*** Opening Data provided ***

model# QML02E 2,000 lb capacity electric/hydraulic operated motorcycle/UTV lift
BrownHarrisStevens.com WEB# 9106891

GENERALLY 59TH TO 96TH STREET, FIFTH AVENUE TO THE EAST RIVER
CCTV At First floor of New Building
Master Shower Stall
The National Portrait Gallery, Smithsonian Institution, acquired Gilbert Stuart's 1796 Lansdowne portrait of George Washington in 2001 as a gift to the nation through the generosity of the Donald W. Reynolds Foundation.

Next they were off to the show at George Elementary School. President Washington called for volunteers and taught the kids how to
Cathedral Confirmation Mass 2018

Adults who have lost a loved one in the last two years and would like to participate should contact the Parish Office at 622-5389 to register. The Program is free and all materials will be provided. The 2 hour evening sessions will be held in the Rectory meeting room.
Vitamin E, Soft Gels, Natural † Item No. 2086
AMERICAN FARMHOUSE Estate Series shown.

*** Closing Data provided ***
*** Opening Data provided ***

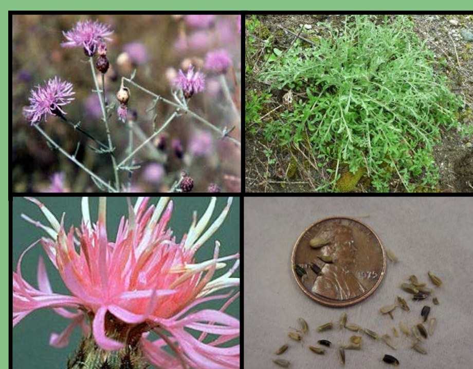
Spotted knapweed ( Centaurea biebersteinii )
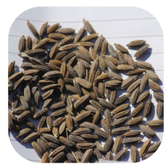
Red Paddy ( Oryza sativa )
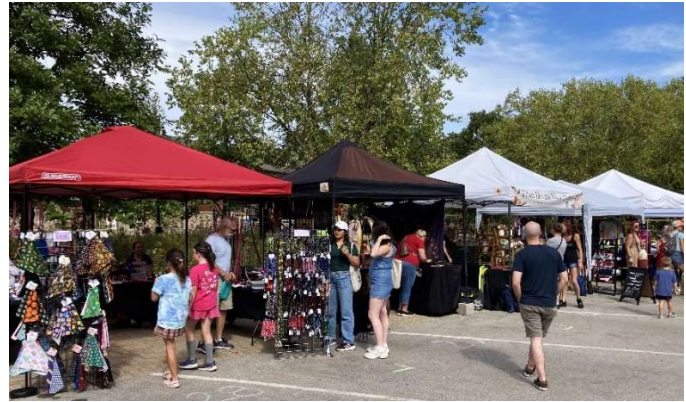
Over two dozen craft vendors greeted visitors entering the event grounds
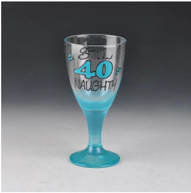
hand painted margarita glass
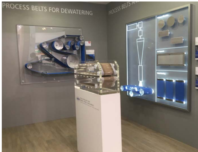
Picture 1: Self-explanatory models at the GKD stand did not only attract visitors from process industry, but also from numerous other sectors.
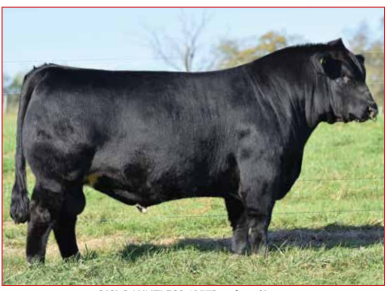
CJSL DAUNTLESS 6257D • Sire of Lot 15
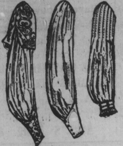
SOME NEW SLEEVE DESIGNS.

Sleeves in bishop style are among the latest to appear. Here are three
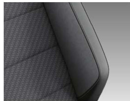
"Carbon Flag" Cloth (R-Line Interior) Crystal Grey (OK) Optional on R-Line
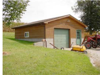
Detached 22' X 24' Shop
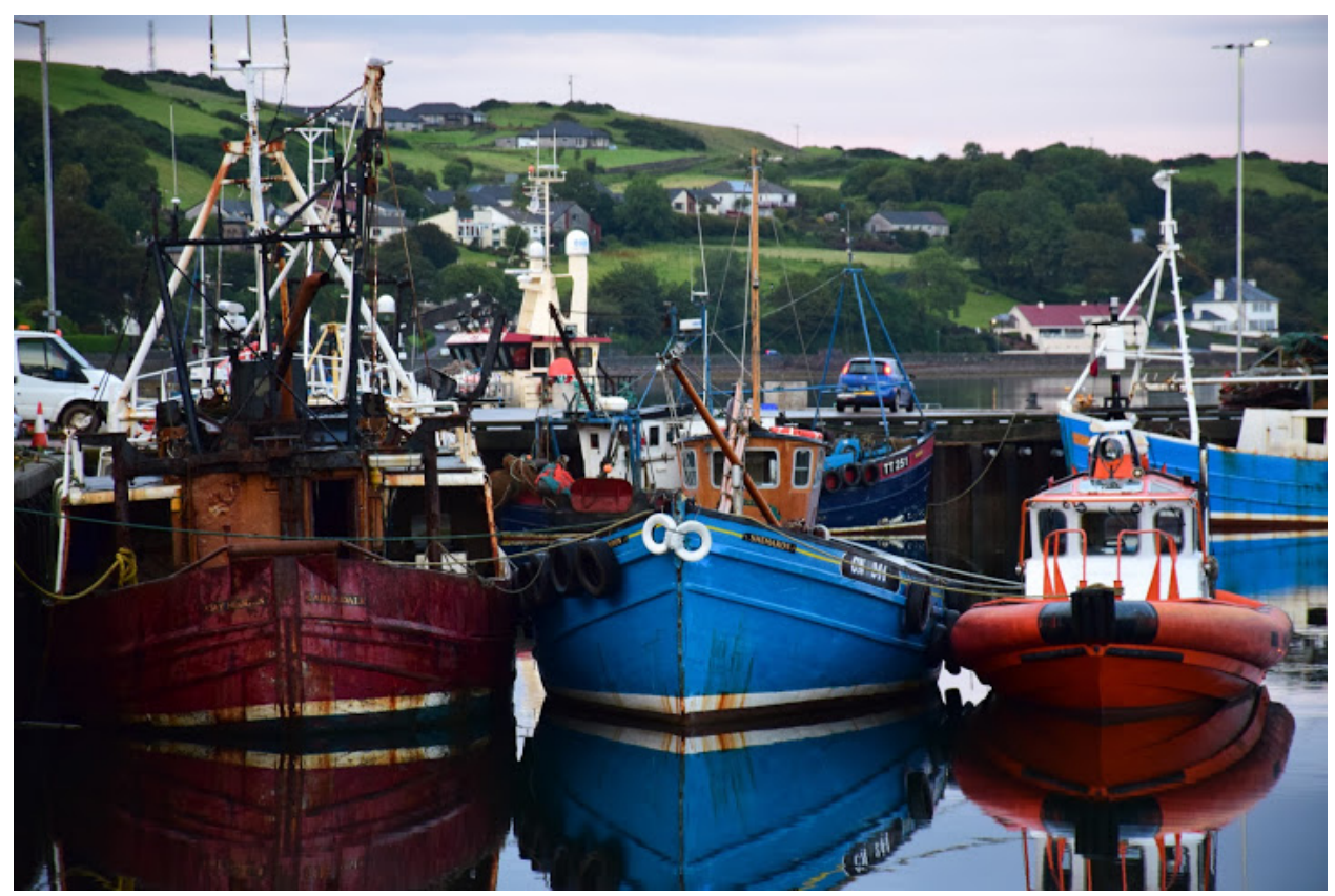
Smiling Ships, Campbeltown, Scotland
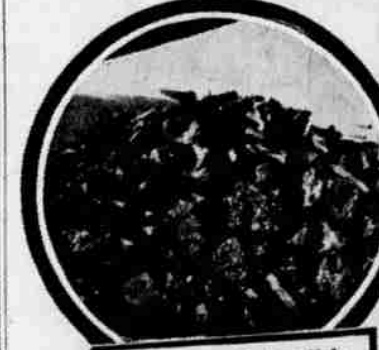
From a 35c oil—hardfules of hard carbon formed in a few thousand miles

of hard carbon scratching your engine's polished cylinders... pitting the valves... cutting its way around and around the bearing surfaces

*** Closing Data provided ***

Copy out the lines of the data where the string "Washington" occurs.

Written response ▸
The National Portrait Gallery, Smithsonian Institution, acquired Gilbert Stuart's 1796 Lansdowne portrait of George Washington in 2001 as a gift to the nation through the generosity of the Donald W. Reynolds Foundation.
Next they were off to the show at George Elementary School. President Washington called for volunteers and taught the kids how to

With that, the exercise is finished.